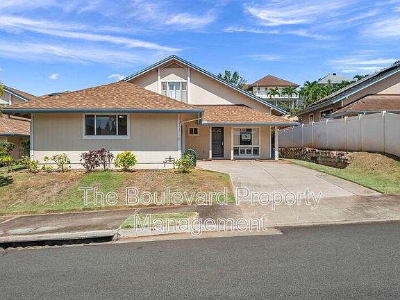AVAILABLE NOW! Charming 3-bed, 2.5-bath,2-car parking garage single-family house located in Upper Makakilo. Spacious interior with a gourmet kitchen to host guests, and back yard for weekend BBQ's. Tucked in a culdesac in a serene neighborhood away from the city makes this home the ideal getaway. Minutes away from the freeway entrance, grocery store, restaurants, and golf course. Enjoy the island life with this beautiful rental opportunity.
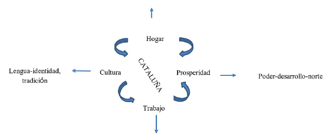 Los marcos territoriales de la construcción identitaria catalana formulada desde el sur excluyen a las comunidades del norte de los Pirineos: “eso no es Cataluña, eso es Francia”. A partir del análisis de las evocaciones más persistentes nos aproximarnos al núcleo figurativo de la representación. Donde hogar, cultura, prosperidad, trabajo constituyen los campos de significados que integran los contenidos más relevantes del objeto representado y garantizan la organización y conservación de los elementos periféricos.
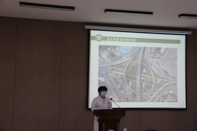 报告会上,庄河市中心医院感染性疾病科主管护师,援鄂护士韩迎春,庄河市中心医院呼吸与危重症医学一科副主任医师,援鄂医生代茹玲分别讲述了她们千里驰援武汉抗疫的心路历程,日夜奋战在雷神山医院患者救治一线的感人故事和坚守在决胜之地最前沿的医者仁心。一段段质朴感人又饱含力量的抗疫故事深深感动了每一位教工,主会场参会人员全体起立,用掌声向在场的庄河市中心医院的6位“最美逆行者”致敬。
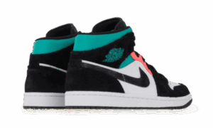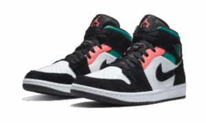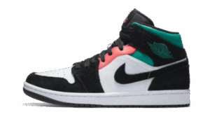 This AJ Jordan 1 Mid SE South Beach bi-material, mixing black suede for the inserts, and the swoosh in contrast with the smooth white leather of the upper. For a touch of color, we find pink on the eyelets and the Jumpman . And to complete the ensemble, a touch of green on the ankle collar and the Wings Logo .
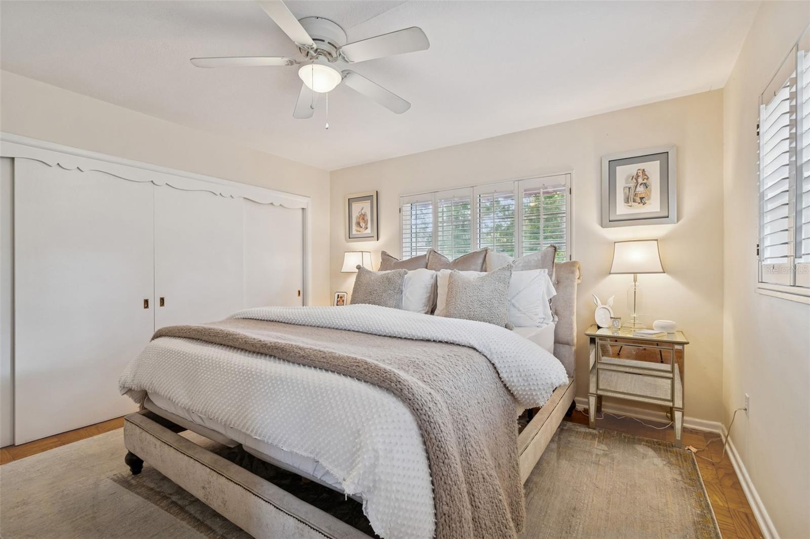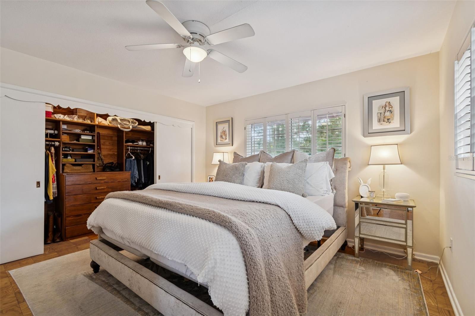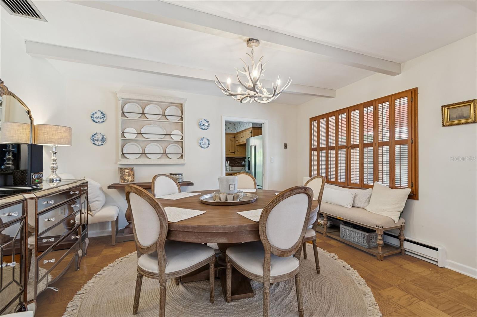 No Flood Zone - No Storm Damage! Nestled beneath mature trees on a generous double lot in one of Tarpon Springs’ most charming neighborhoods, this classic 3-bedroom, 2-bath cottage offers a rare combination of character, space, and peace of mind. With timeless brick architecture, a welcoming front porch, and thoughtful details throughout, this home immediately stands apart—beginning with the fact that it is not in a flood zone and was not affected by recent storms. The curb appeal is undeniable. A handsome brick façade, brick planters, and a built-in porch bench create a warm, inviting presence, while the huge driveway, adjacent double carport and attached storage shed that provides exceptional parking, storage, and flexibility. The expansive lot, framed by mature trees, offers privacy and a sense of permanence rarely found today. Inside, a beautiful entry foyer opens to a spacious formal dining room, perfect for gatherings both large and small. To the left of the foyer, you’ll step down just two steps into the home’s showpiece: an enormous sunken living room rich with character. Tall ceilings with exposed structural beams, real wood paneling, and a striking brick, wood-burning fireplace create a space that feels both dramatic and deeply cozy. Mini wood shutters filter natural light and add to the room’s timeless charm. Beyond the dining room, the kitchen blends warmth and functionality with solid pine cabinetry, a brick backsplash, electric cooktop, and built-in oven. A charming breakfast nook with a built-in corner booth provides a comfortable spot for casual meals, morning coffee, or a gather space for friends and family while entertaining. Nearby, the laundry area is neatly tucked away with upper cabinets for convenient storage. Down the hallway, you’ll find a large hall closet and pull-down access to a huge attic, offering abundant storage options. The primary bedroom serves as a relaxing retreat with space for a king-size bed, parquet flooring, and windows on two adjacent sides that fill the room with natural light. White plantation shutters and a large cedar-lined built-in closet add both elegance and practicality. The nostalgic primary bathroom, featuring classic gray and yellow tile and a walk-in shower, perfectly complements the home’s cottage character. Two guest bedrooms continue the theme of warmth and craftsmanship. The front guest room is oversized, featuring parquet floors, paneled walls, wainscoting, and mini shutters—ideal for guests or a home office. The second guest bedroom offers light from two sides, white plantation shutters, a large wall closet, and hand-made bookshelves that add a unique, personal touch. The guest bathroom features charming vintage finishes and a built-in vanity. Throughout the home, double-pane hurricane-rated windows enhance comfort, safety, and efficiency while preserving the peaceful interior atmosphere. Located in the desirable area of Inness Park, this home offers easy access to everything that makes Tarpon Springs so special—from the beautiful Historic District to sponge docks and Greek dining to waterfront parks, shopping, and nearby Gulf beaches. With convenient access to the greater Tampa Bay area, including major airports, this light-filled, cozy cottage delivers timeless charm, generous space, and an exceptional lifestyle in one of Florida’s most beloved coastal communities. Kitchen refrigerator does not convey.
============================================================
Exercise objective: Output each entry verbatim; none of the pictures should be included.

Result for this exercise:
AVAILABLE NOW! Charming 3-bed, 2.5-bath,2-car parking garage single-family house located in Upper Makakilo. Spacious interior with a gourmet kitchen to host guests, and back yard for weekend BBQ's. Tucked in a culdesac in a serene neighborhood away from the city makes this home the ideal getaway. Minutes away from the freeway entrance, grocery store, restaurants, and golf course. Enjoy the island life with this beautiful rental opportunity.
 Los marcos territoriales de la construcción identitaria catalana formulada desde el sur excluyen a las comunidades del norte de los Pirineos: “eso no es Cataluña, eso es Francia”. A partir del análisis de las evocaciones más persistentes nos aproximarnos al núcleo figurativo de la representación. Donde hogar, cultura, prosperidad, trabajo constituyen los campos de significados que integran los contenidos más relevantes del objeto representado y garantizan la organización y conservación de los elementos periféricos.
 报告会上,庄河市中心医院感染性疾病科主管护师,援鄂护士韩迎春,庄河市中心医院呼吸与危重症医学一科副主任医师,援鄂医生代茹玲分别讲述了她们千里驰援武汉抗疫的心路历程,日夜奋战在雷神山医院患者救治一线的感人故事和坚守在决胜之地最前沿的医者仁心。一段段质朴感人又饱含力量的抗疫故事深深感动了每一位教工,主会场参会人员全体起立,用掌声向在场的庄河市中心医院的6位“最美逆行者”致敬。
 This AJ Jordan 1 Mid SE South Beach bi-material, mixing black suede for the inserts, and the swoosh in contrast with the smooth white leather of the upper. For a touch of color, we find pink on the eyelets and the Jumpman . And to complete the ensemble, a touch of green on the ankle collar and the Wings Logo .
 No Flood Zone - No Storm Damage! Nestled beneath mature trees on a generous double lot in one of Tarpon Springs’ most charming neighborhoods, this classic 3-bedroom, 2-bath cottage offers a rare combination of character, space, and peace of mind. With timeless brick architecture, a welcoming front porch, and thoughtful details throughout, this home immediately stands apart—beginning with the fact that it is not in a flood zone and was not affected by recent storms. The curb appeal is undeniable. A handsome brick façade, brick planters, and a built-in porch bench create a warm, inviting presence, while the huge driveway, adjacent double carport and attached storage shed that provides exceptional parking, storage, and flexibility. The expansive lot, framed by mature trees, offers privacy and a sense of permanence rarely found today. Inside, a beautiful entry foyer opens to a spacious formal dining room, perfect for gatherings both large and small. To the left of the foyer, you’ll step down just two steps into the home’s showpiece: an enormous sunken living room rich with character. Tall ceilings with exposed structural beams, real wood paneling, and a striking brick, wood-burning fireplace create a space that feels both dramatic and deeply cozy. Mini wood shutters filter natural light and add to the room’s timeless charm. Beyond the dining room, the kitchen blends warmth and functionality with solid pine cabinetry, a brick backsplash, electric cooktop, and built-in oven. A charming breakfast nook with a built-in corner booth provides a comfortable spot for casual meals, morning coffee, or a gather space for friends and family while entertaining. Nearby, the laundry area is neatly tucked away with upper cabinets for convenient storage. Down the hallway, you’ll find a large hall closet and pull-down access to a huge attic, offering abundant storage options. The primary bedroom serves as a relaxing retreat with space for a king-size bed, parquet flooring, and windows on two adjacent sides that fill the room with natural light. White plantation shutters and a large cedar-lined built-in closet add both elegance and practicality. The nostalgic primary bathroom, featuring classic gray and yellow tile and a walk-in shower, perfectly complements the home’s cottage character. Two guest bedrooms continue the theme of warmth and craftsmanship. The front guest room is oversized, featuring parquet floors, paneled walls, wainscoting, and mini shutters—ideal for guests or a home office. The second guest bedroom offers light from two sides, white plantation shutters, a large wall closet, and hand-made bookshelves that add a unique, personal touch. The guest bathroom features charming vintage finishes and a built-in vanity. Throughout the home, double-pane hurricane-rated windows enhance comfort, safety, and efficiency while preserving the peaceful interior atmosphere. Located in the desirable area of Inness Park, this home offers easy access to everything that makes Tarpon Springs so special—from the beautiful Historic District to sponge docks and Greek dining to waterfront parks, shopping, and nearby Gulf beaches. With convenient access to the greater Tampa Bay area, including major airports, this light-filled, cozy cottage delivers timeless charm, generous space, and an exceptional lifestyle in one of Florida’s most beloved coastal communities. Kitchen refrigerator does not convey.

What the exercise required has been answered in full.